→ **DIRECTIONS**: Would you transcribe the listing exactly as it stands, minus any images?

→ **STUDY MATERIAL**:
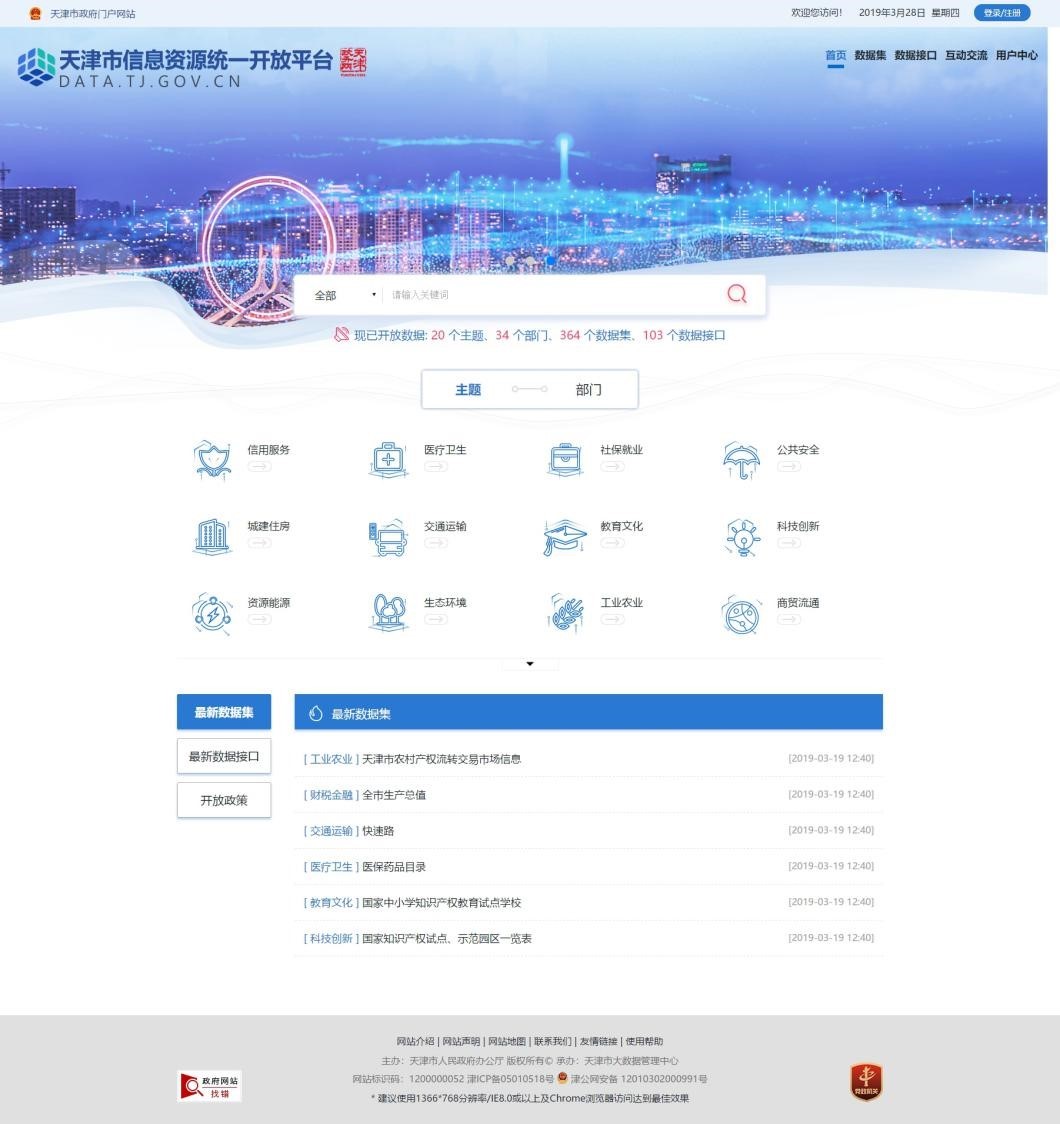 据悉,天津市信息资源统一开放平台已接入34个市级部门的开放数据,包含364个数据集、 103个数据接口,涵盖信用服务、医疗卫生、社保就业、公共安全、城建住房、交通运输、教育文化、科技创新、资源能源、生态环境等20个主题。该平台下设“数据集、数据接口、互动交流、用户中心”等栏目,用户可以在首页按主题分类或部门分类查看相关数据,也可直接检索需要的数据。平台提供数据集下载、API接口服务,用户可自行选择获取数据资源的方式;对开放数据的需求以及其他建议,用户可以在“互动交流”栏目下提交反馈。
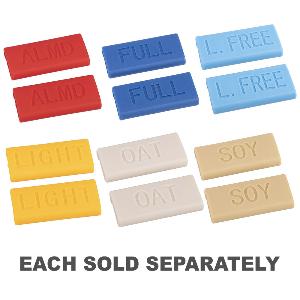 Las etiquetas codificadas por colores están disponibles en crema completa, luz, almendras, soja y avena.
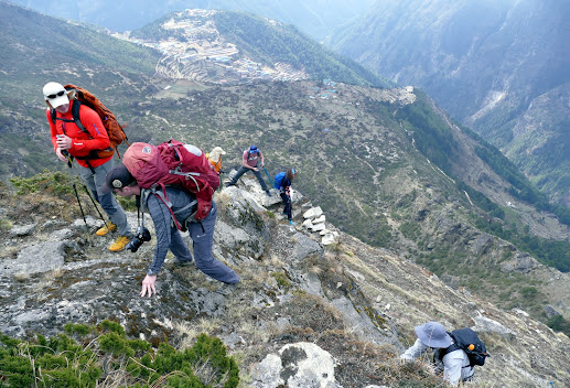 В программе буддийский монастырь Намче, сосново-можевелловый лес в окрестностях Джаро, восхождение по гребню Кхумбу Юл Ла, мемориал семьи первовосходителя Эвереста сэра Эдмунда Хиллари, и ещё один монастырь и деревня Кундэ. Самая высокая точка сегодняшнего восхождения — 4238 метров. На ней мы остановимся минимум на час. Там очень красиво и сверху далекооооо видать!
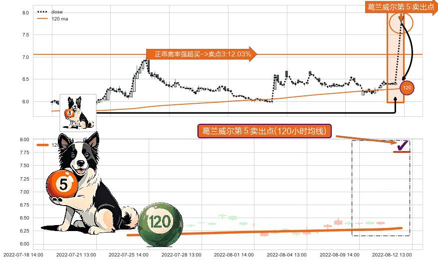 形态多维评估: ⚀ 2022-08-12 13:00:00-小时显现 葛兰威尔均线 120小时均线 第⑤卖出点 上升趋势均值回复的短线回落信号,后市看跌,卖出信号
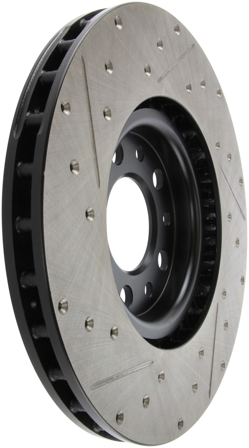 StopTech Drilled and Slotted Sport Rotors are 1-piece direct replacement brake discs for factory brake systems and stock calipers that look great behind your wheels * and offer significantly improved braking performance. The unique cross-drilling and slotting aids with heat and brake dust dispersal; prevents glazing of the pads; adds bite and improves wet and dry braking performance. Built to last; the black e-coating provides protection from corrosion and the high carbon metallurgy (in most applications) offers quieter operation; better crack resistance and increased performance.
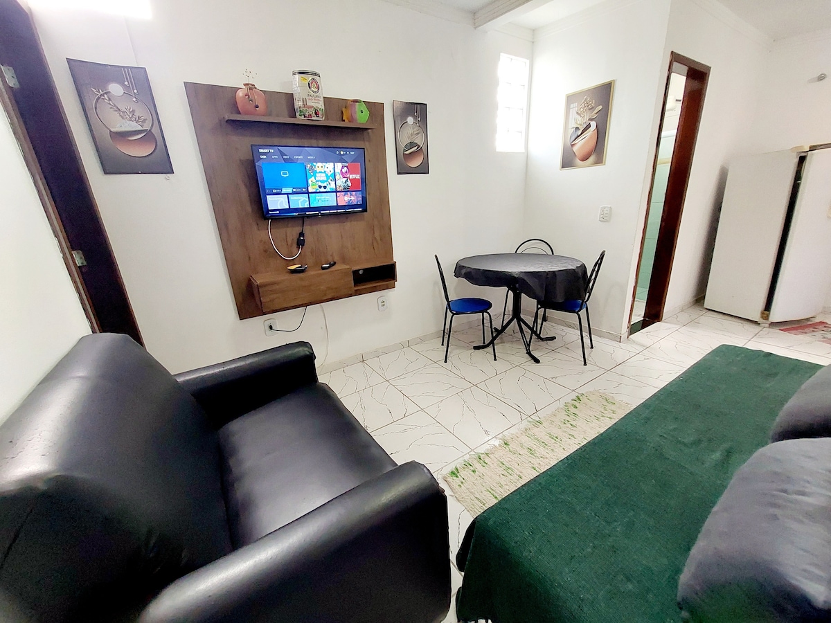 Take it easy at this unique and tranquil getaway. In the space, we have a double bed, 32-inch smart TV, table with two chairs, kitchen area with microwave, refrigerator, coffee maker, blender, sandwich maker, cabinet, sink, dishes, glasses, cups and cutlery. We have a shared garage and barbecue area.
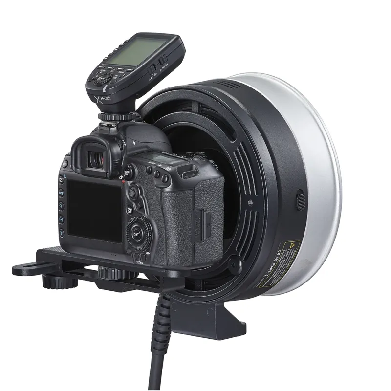 The rotating camera bracket is a quick and simple way to turn the camera both vertically and horizontally when using the Godox R1200 Ring Flash, enabling photographers to fully concentrate on their creation without interference even under intensive shootings.
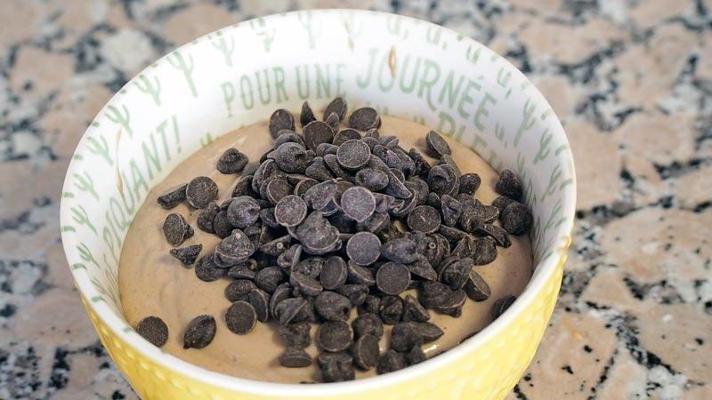 Trituramos todos los ingredientes hasta obtener un helado cremoso. Lo pasamos a un recipiente y le incorporamos las pepitas de chocolate o el chocolate troceado. Removemos hasta integrar dentro de la crema de helado.
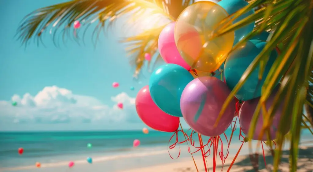 Bring the beach indoors with tropical decorations. Palm leaves, seashells, inflatable flamingos, and bright floral arrangements create a lively setup. Use turquoise and sandy tones to mimic the seaside. This refreshing birthday party decoration theme is ideal for summer birthdays or poolside parties.
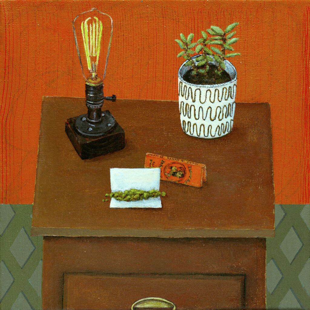 A selection of recent paintings by Austin, Texas-based artist Gabe Langholtz. Drawing inspiration from folk art and American Color Field painting, Langholtz’ paintings feature mundane cultural objects and activities rendered in his signature style, with a focus on color relations, pattern-making, form and line, with a heavy emphasis on the two-dimensional surface of the canvas.
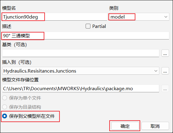 在弹出对话框对应位置填入:模型名称“Tjunction90deg”;类别“model”;描述“90° 三通模型”;勾选保持到父模型所在文件,其他默认,单击确定,创建 90° 三通模型空模型。
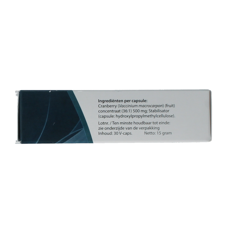 Cranberryconcentraat, stabilisator (capsule: hydroxypropylmethylcellulose), Emulgator: guargom, zonnebloem lecithine)
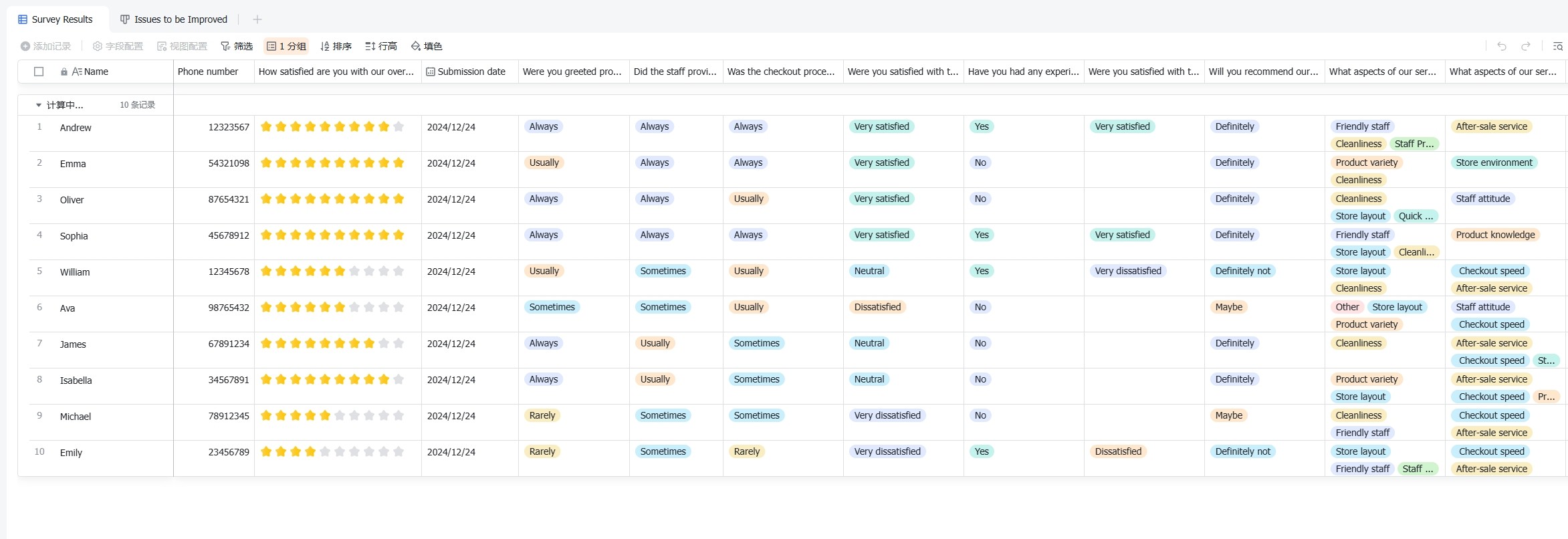 The Customer Service Survey template is a comprehensive tool designed to collect and analyze feedback from customers about their experiences with your customer service. It includes fields for customer name, phone number, satisfaction level, submission date, and specific questions about their interaction with your staff. This template is designed to help you identify areas of improvement and ensure your customers are receiving the best possible service.
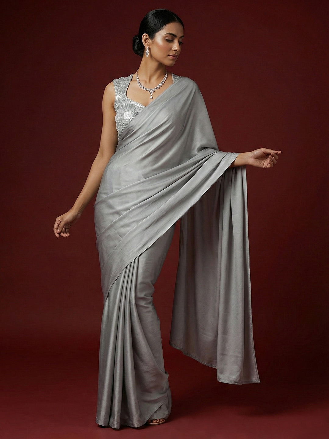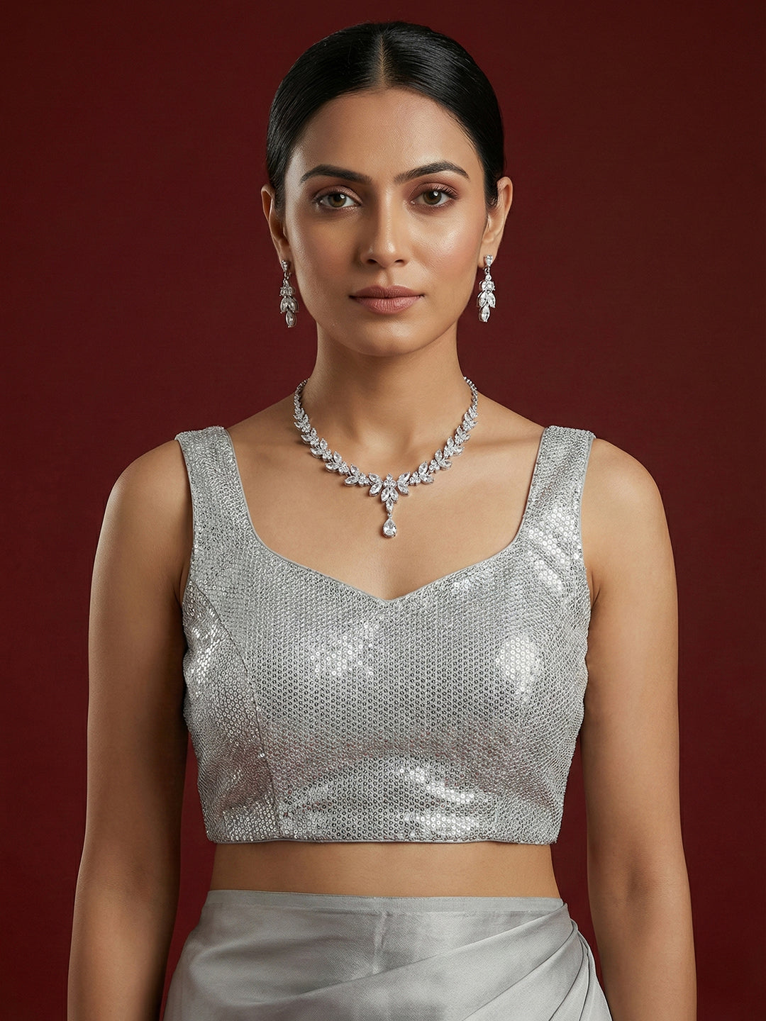 Silk embellished padded saree blouse with sleeveless back open hook and eye closure

→ **REPLY TO THE EXERCISE**:
 据悉,天津市信息资源统一开放平台已接入34个市级部门的开放数据,包含364个数据集、 103个数据接口,涵盖信用服务、医疗卫生、社保就业、公共安全、城建住房、交通运输、教育文化、科技创新、资源能源、生态环境等20个主题。该平台下设“数据集、数据接口、互动交流、用户中心”等栏目,用户可以在首页按主题分类或部门分类查看相关数据,也可直接检索需要的数据。平台提供数据集下载、API接口服务,用户可自行选择获取数据资源的方式;对开放数据的需求以及其他建议,用户可以在“互动交流”栏目下提交反馈。
 Las etiquetas codificadas por colores están disponibles en crema completa, luz, almendras, soja y avena.
 В программе буддийский монастырь Намче, сосново-можевелловый лес в окрестностях Джаро, восхождение по гребню Кхумбу Юл Ла, мемориал семьи первовосходителя Эвереста сэра Эдмунда Хиллари, и ещё один монастырь и деревня Кундэ. Самая высокая точка сегодняшнего восхождения — 4238 метров. На ней мы остановимся минимум на час. Там очень красиво и сверху далекооооо видать!
 形态多维评估: ⚀ 2022-08-12 13:00:00-小时显现 葛兰威尔均线 120小时均线 第⑤卖出点 上升趋势均值回复的短线回落信号,后市看跌,卖出信号
 StopTech Drilled and Slotted Sport Rotors are 1-piece direct replacement brake discs for factory brake systems and stock calipers that look great behind your wheels * and offer significantly improved braking performance. The unique cross-drilling and slotting aids with heat and brake dust dispersal; prevents glazing of the pads; adds bite and improves wet and dry braking performance. Built to last; the black e-coating provides protection from corrosion and the high carbon metallurgy (in most applications) offers quieter operation; better crack resistance and increased performance.
 Take it easy at this unique and tranquil getaway. In the space, we have a double bed, 32-inch smart TV, table with two chairs, kitchen area with microwave, refrigerator, coffee maker, blender, sandwich maker, cabinet, sink, dishes, glasses, cups and cutlery. We have a shared garage and barbecue area.
 The rotating camera bracket is a quick and simple way to turn the camera both vertically and horizontally when using the Godox R1200 Ring Flash, enabling photographers to fully concentrate on their creation without interference even under intensive shootings.
 Trituramos todos los ingredientes hasta obtener un helado cremoso. Lo pasamos a un recipiente y le incorporamos las pepitas de chocolate o el chocolate troceado. Removemos hasta integrar dentro de la crema de helado.
 Bring the beach indoors with tropical decorations. Palm leaves, seashells, inflatable flamingos, and bright floral arrangements create a lively setup. Use turquoise and sandy tones to mimic the seaside. This refreshing birthday party decoration theme is ideal for summer birthdays or poolside parties.
 A selection of recent paintings by Austin, Texas-based artist Gabe Langholtz. Drawing inspiration from folk art and American Color Field painting, Langholtz’ paintings feature mundane cultural objects and activities rendered in his signature style, with a focus on color relations, pattern-making, form and line, with a heavy emphasis on the two-dimensional surface of the canvas.
 在弹出对话框对应位置填入:模型名称“Tjunction90deg”;类别“model”;描述“90° 三通模型”;勾选保持到父模型所在文件,其他默认,单击确定,创建 90° 三通模型空模型。
 Cranberryconcentraat, stabilisator (capsule: hydroxypropylmethylcellulose), Emulgator: guargom, zonnebloem lecithine)
 The Customer Service Survey template is a comprehensive tool designed to collect and analyze feedback from customers about their experiences with your customer service. It includes fields for customer name, phone number, satisfaction level, submission date, and specific questions about their interaction with your staff. This template is designed to help you identify areas of improvement and ensure your customers are receiving the best possible service.
 Silk embellished padded saree blouse with sleeveless back open hook and eye closure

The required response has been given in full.